San José, Costa Rica, since 1956

Need a mammogram in Costa Rica? Get in line

A recent report asserts that thousands of women in Costa Rica are waiting to receive a mammogram from the Social Security System (Caja). The problem is so prevalent in the country that patients can wait up to two years for an appointment, according to statistics released Monday by the National Union of Caja Employees (UNDECA).

Almost 53,800 women are waiting for a mammogram, UNDECA statistics showed. The mammogram is a tool used to detect and diagnose breast cancer, the most common type of cancer in women in Costa Rica.

The UNDECA statement said the reason for the logjam is that many hospitals have mammogram machines that are old or no longer work.

María Eugenia Villalta, a Caja medical manager, denied to various media that the waits were as severe as what UNDECA claimed, although she did not provide figures proving otherwise.

A press release from the Caja stated that the organization did 90,000 mammograms in 2011, and the number of mammograms performed increased 24 percent between 2008 and 2011.

Villalta said the situation is improving, and the Caja in recent years bought 14 new mammography machines and hired 26 new radiologists.

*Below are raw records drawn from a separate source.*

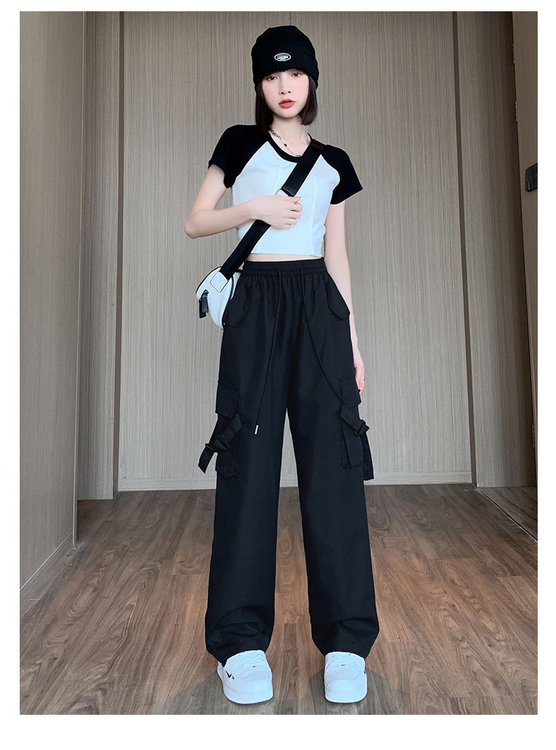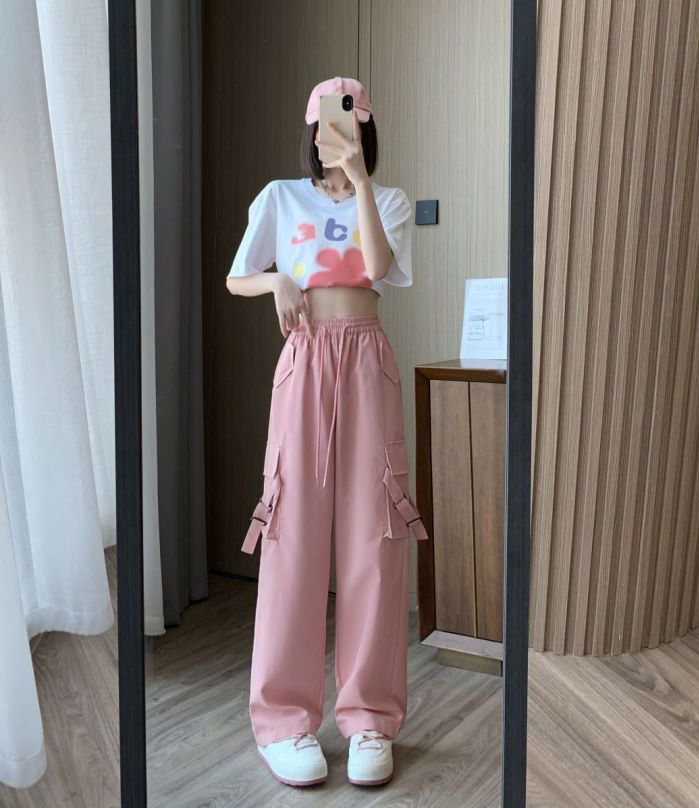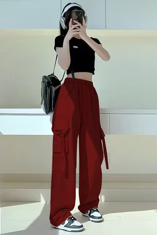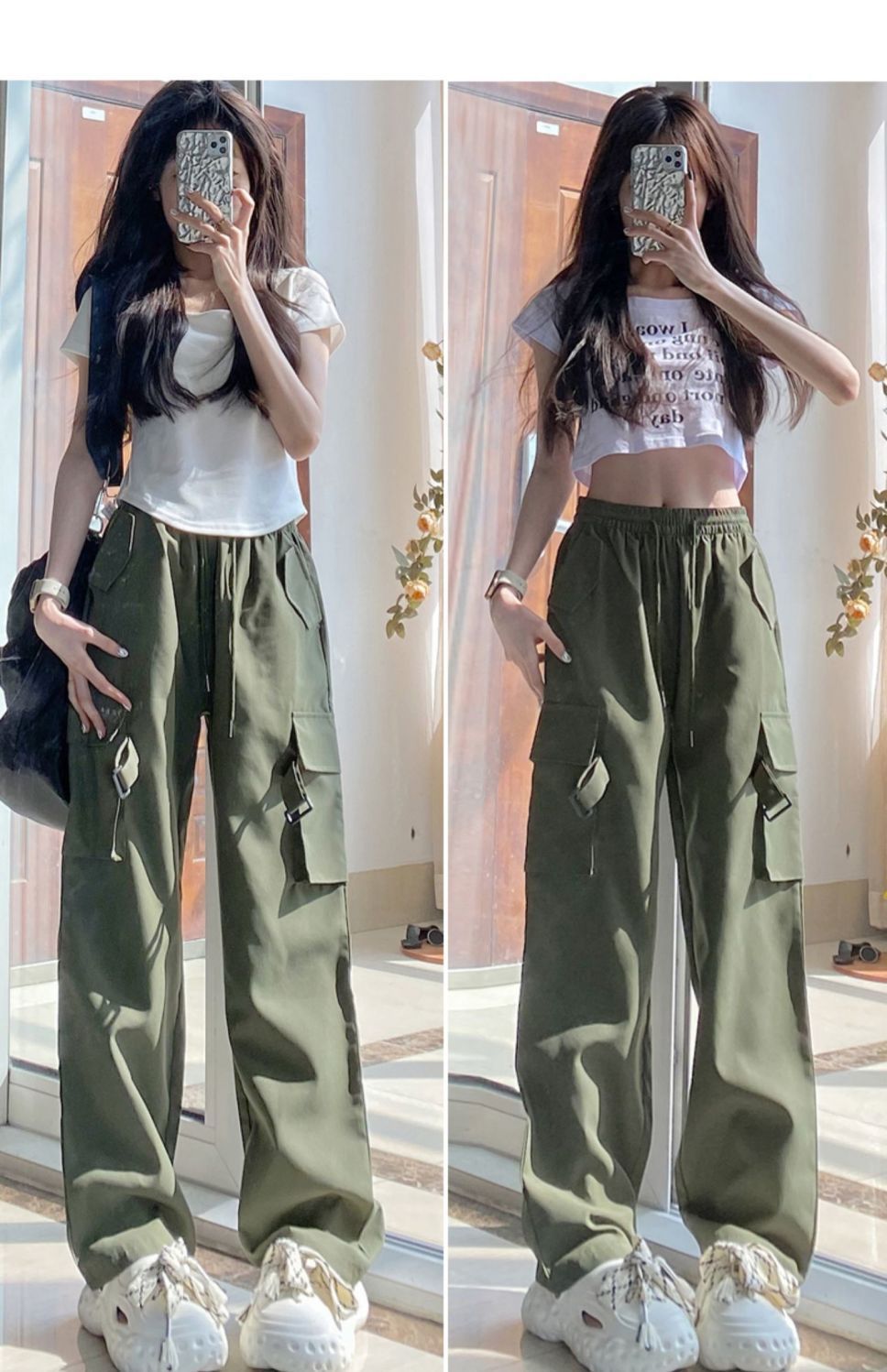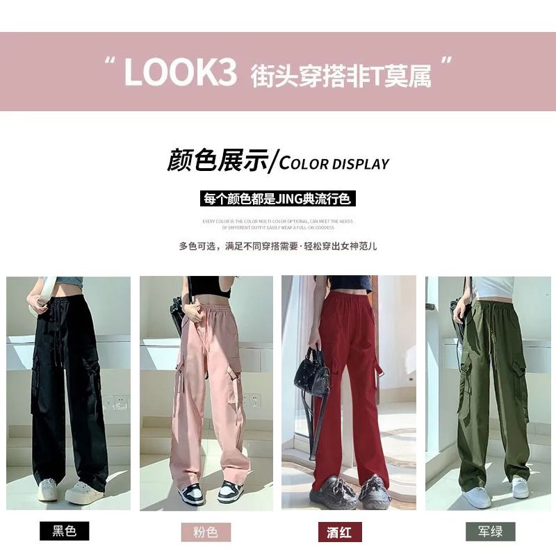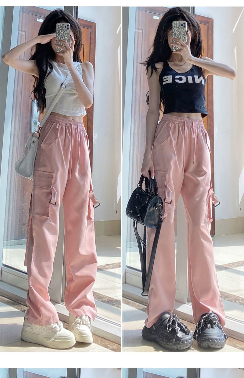 美式复古多巴胺女孩潮酷工装裤女春秋高腰阔腿裤ins潮休闲直筒裤
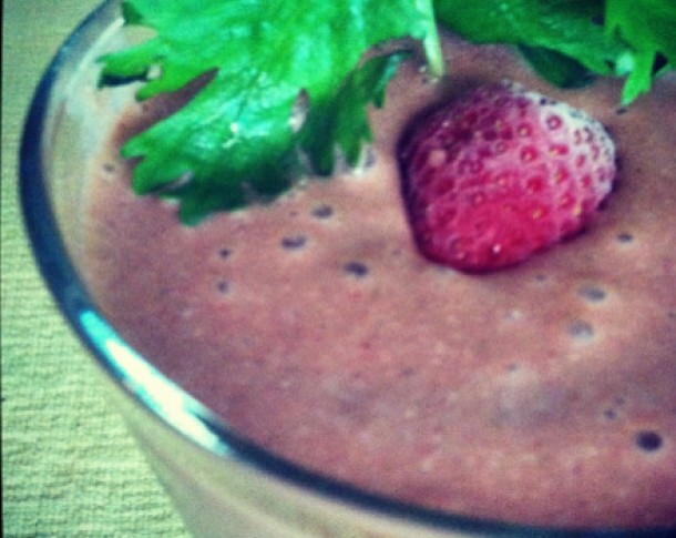 Ai nevoie de: o cana salata verde, 1 cana de lapte de cocos, 1 cana de capsune congelate, cateva frunze de menta proaspata, zeama de la un lime.
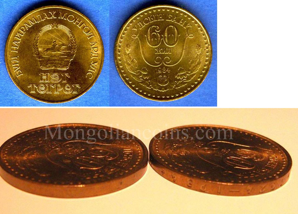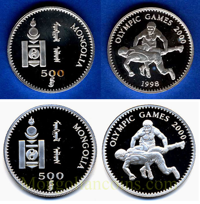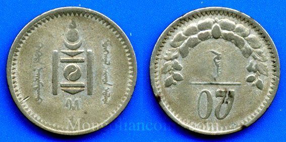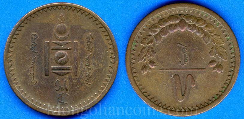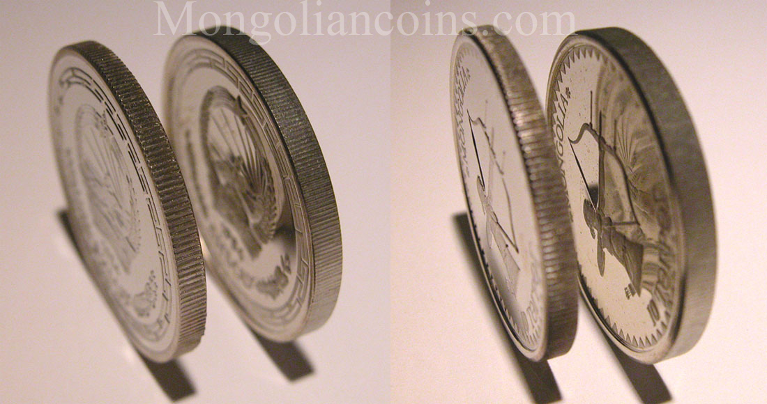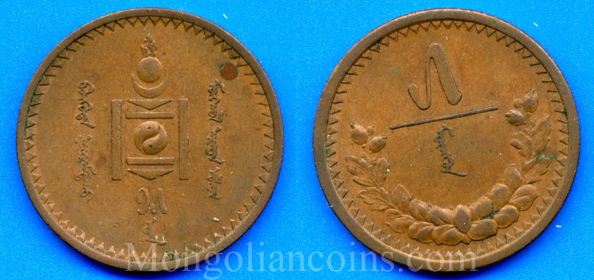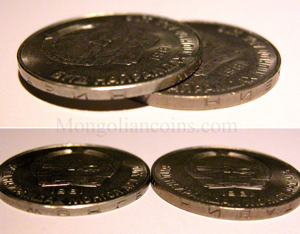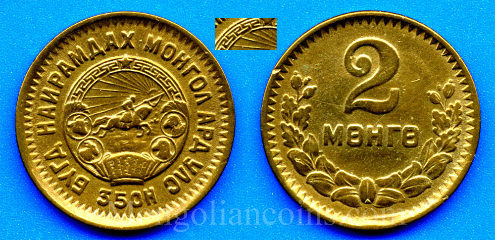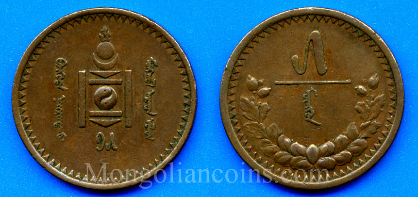 there is a Mongolian National Symbol ?Soyombo? facing upwards. On this particular coin the ?Soyombo? faces
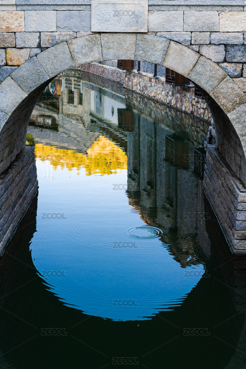 中国北京古北水镇景区桥下河水倒影
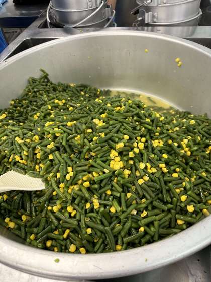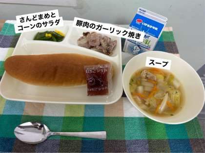 今日の献立は、豚肉のガーリック焼き、スープ、さんどまめとコーンのサラダ、大型コッペパン、いちごジャム、牛乳です。
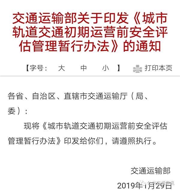 交通运输部关于印发《城市轨道交通初期运营前安全评估管理暂行办法》的通知
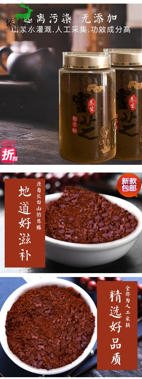 Rolling Lingzhi spore powder low temperature Northeast Changbai Mountain red Lucid Lucid Lingzhi head Daosporidium powder 250 gr Jilin
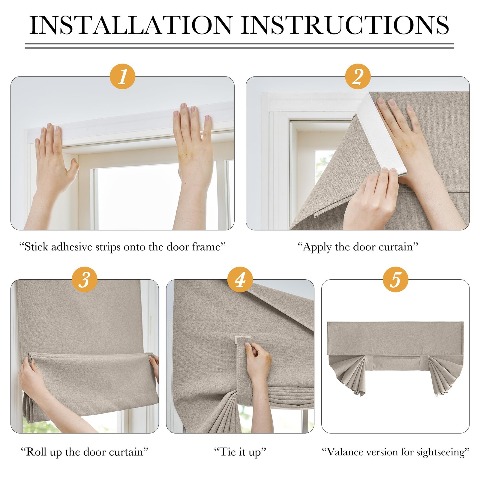 100% Blackout Linen Door Curtains with Adhesive Strips, 1 Panel Our blackout door curtains block 100% of light and UV rays. Includes 1 panel + adhesive strips for easy installation. Perfect for French doors, front door, and back doors. Thermal Insulated Energy-saving fabric reduces heat transfer by about 30%. Keep rooms cool in summer and cozy in winter while enjoying peaceful privacy. 4 Size Options for Every Space 8"x36" for classroom narrow sidelights | 26"x40" for standard doors | 12"x69" for sidelight windows | 26"x69" for standard doors | 36"x72" for wider doors. Choose your perfect fit! No Tools Needed Installation Skip curtain rods! Attach directly to glass/smooth surfaces in 3 minutes using included adhesive strips. Adjustable for temporary or permanent use. Luxury Feel & Easy Care Silky-soft 100% polyester. Machine wash cold, tumble dry low – maintains like-new quality for years. Package Includes: 1 premium blackout curtain panel (26"W x 69"L) + 1 adhesive strip. Perfect for French door, front door and back door window. Total Blackout & Privacy: Enjoy complete privacy and the perfect sleep with our fully blackout door curtain. It blocks 100% of light, creating a dark, peaceful space. Ideal for shift workers, nap lovers, and anyone seeking restful sleep. Diverse Colors and Sizes: Choose from a wide array of colors and sizes to meet your unique needs. Whether you're decorating your doors in a bedroom, living room, dining room, or kitchen, these blackout linen door curtains blend seamlessly into any space in your home. Easy Installation & No Tools Needed: Skip the rods! Attach directly to glass or smooth surfaces using the adhesive strip. Follow our step-by-step guide for a seamless setup in minutes. Easy Care: Easy to maintain and machine washable. Use only non-chlorine bleach & warm iron when needed. Tumble dry low.
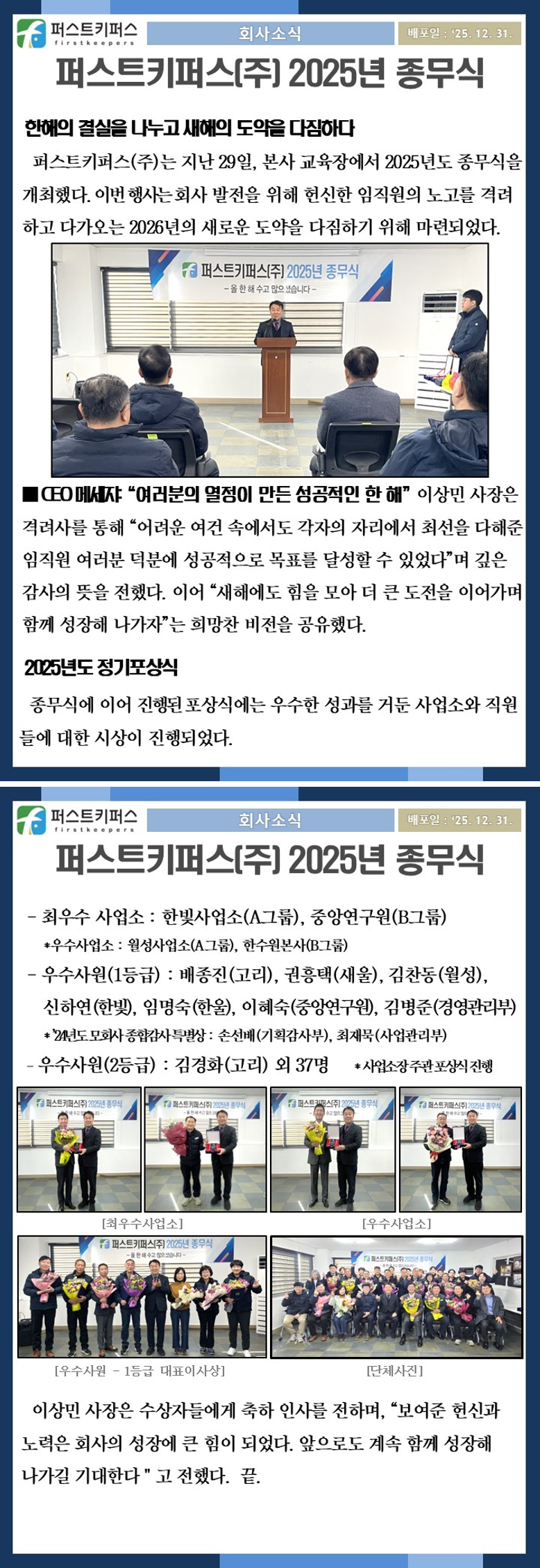 퍼스트키퍼스(주) 2025년 종무식 | 관리자 | 37 | 2025-12-31 |
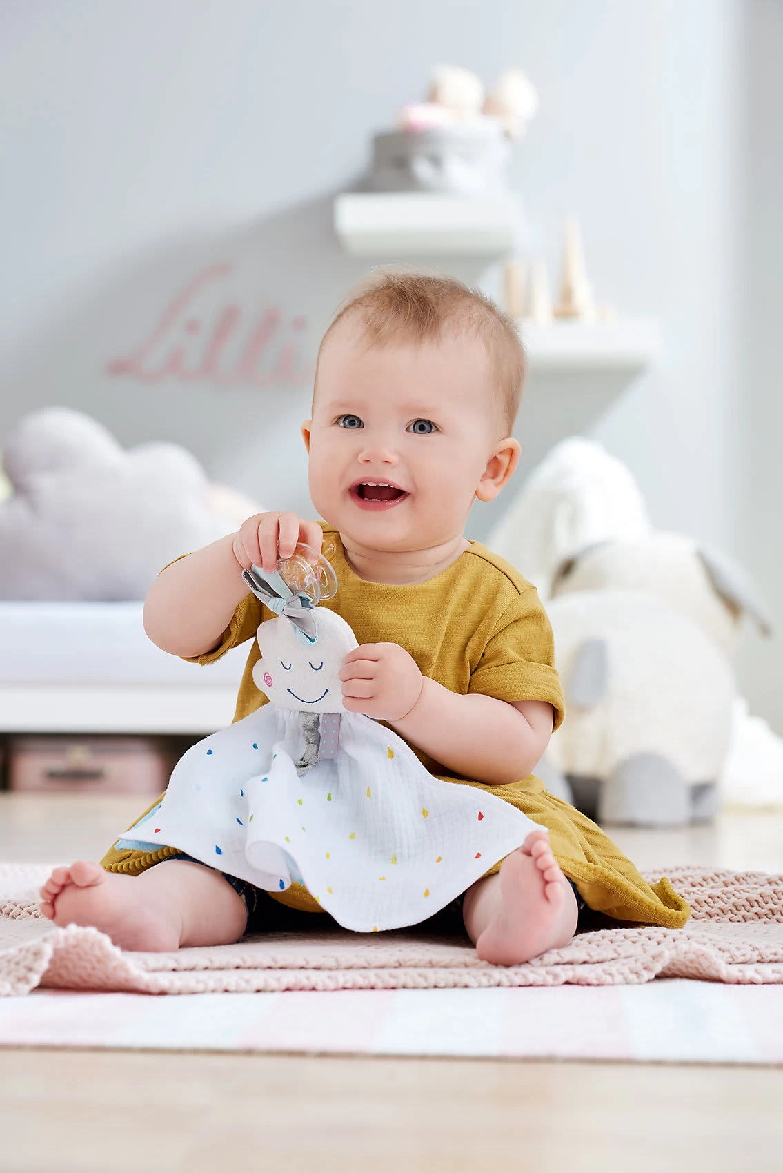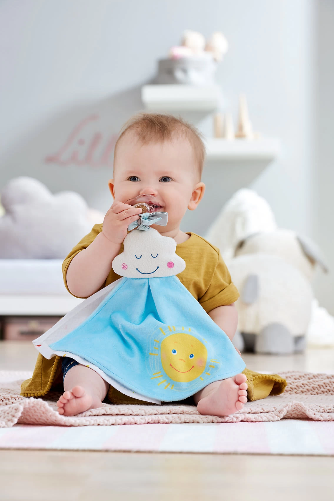 Egal ob Zuhause oder unterwegs – das kuschelweiche Schmusetuch „Traumwolke“ von Haba spendet Ihrem kleinen Liebling stets Geborgenheit und bietet tolle Greif- und Beißmöglichkeiten. Besonders für zahnende Babys eignet es sich deswegen ideal.
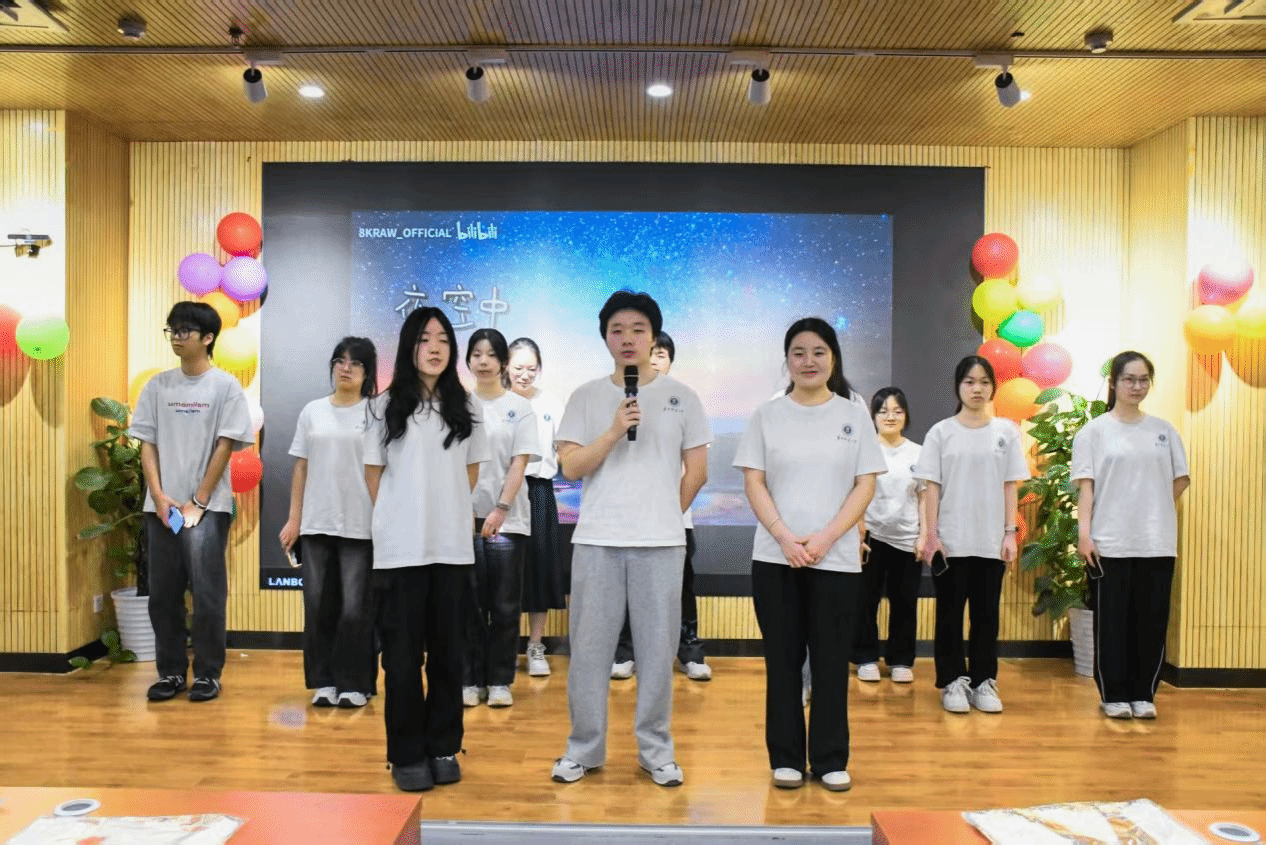 权益与调研中心的《夜空中最亮的星》拉开晚会帷幕,演唱者们用独特的嗓音配合手机灯光营造出星空效果;融媒体中心的诗朗诵《光在光里交接》声情并茂,传递出青年对理想与传承的思考……互动游戏环节更是将现场气氛推向高潮,全体团学成员积极参与,现场欢呼声此起彼伏。晚会的压轴节目《学创配音秀》别出心裁,表演者以独特创意和精彩表现模仿经典影视片段,重现热门台词。最后,全体观众在台上合影留念,记录这一刻的相聚相伴,为晚会画上句号。
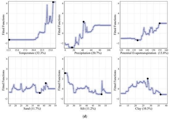 Relative contributions and partial dependence plots of climate factors and soil texture on soil salinization in southern Xinjiang. (a) 2008; (b) 2013; (c) 2018; (d) 2023.
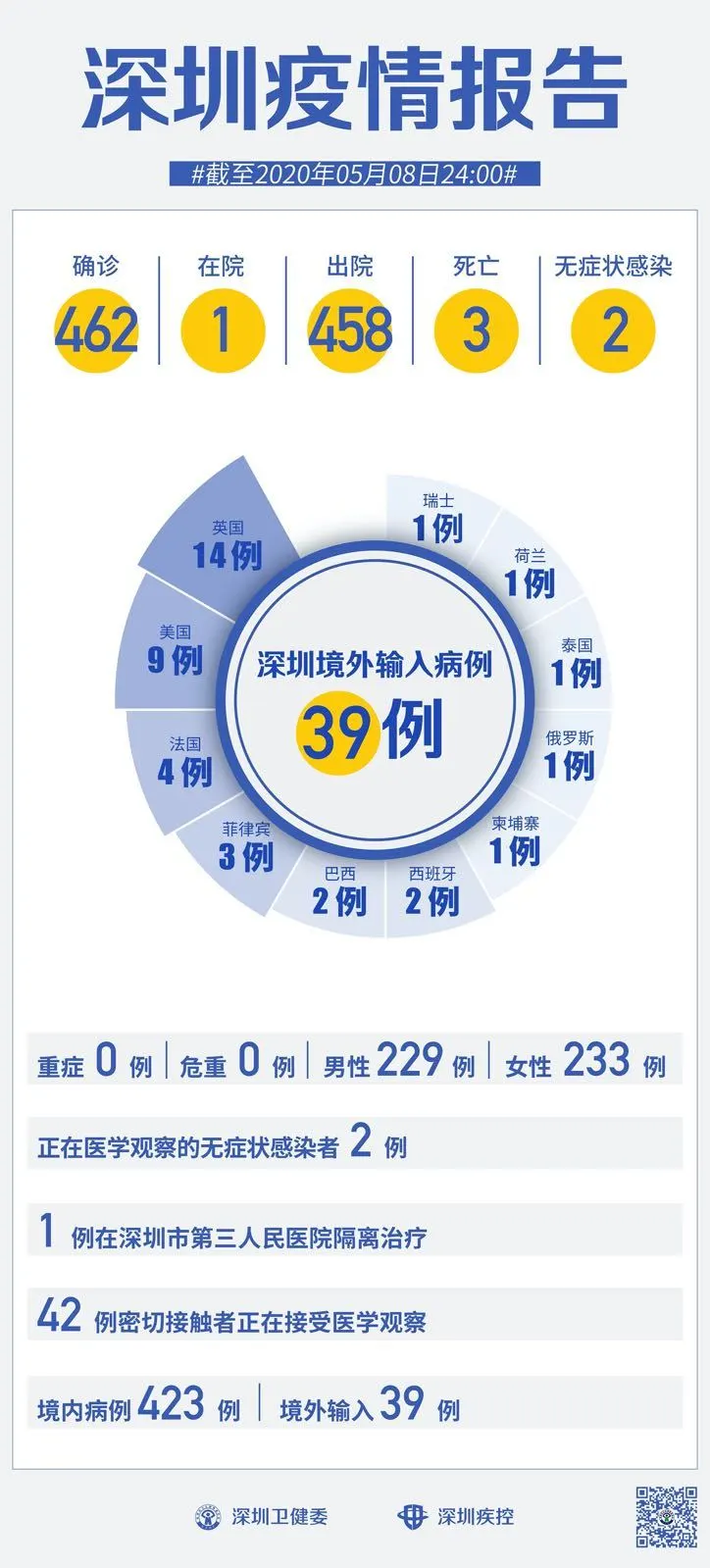 截至5月8日24時,深圳累計報告新冠肺炎病例462例。

She said the Caja plans to hire 22 more in the upcoming year. She also said the reason some women might not be receiving mammograms more regularly is because it’s only necessary to receive a checkup every two years.

The American Cancer Society recommends yearly mammograms beginning at age 40. However, the U.S. Preventive Services Task Force recommends the procedure every two years, starting at age 50 A recent study stated frequent mammograms lead to “over-diagnosis” of breast cancer, meaning that the breast cancer detected is so minimal it is unlikely to cause harm throughout a woman’s lifetime. Therefore, a patient receives treatment and tests they do not actually need.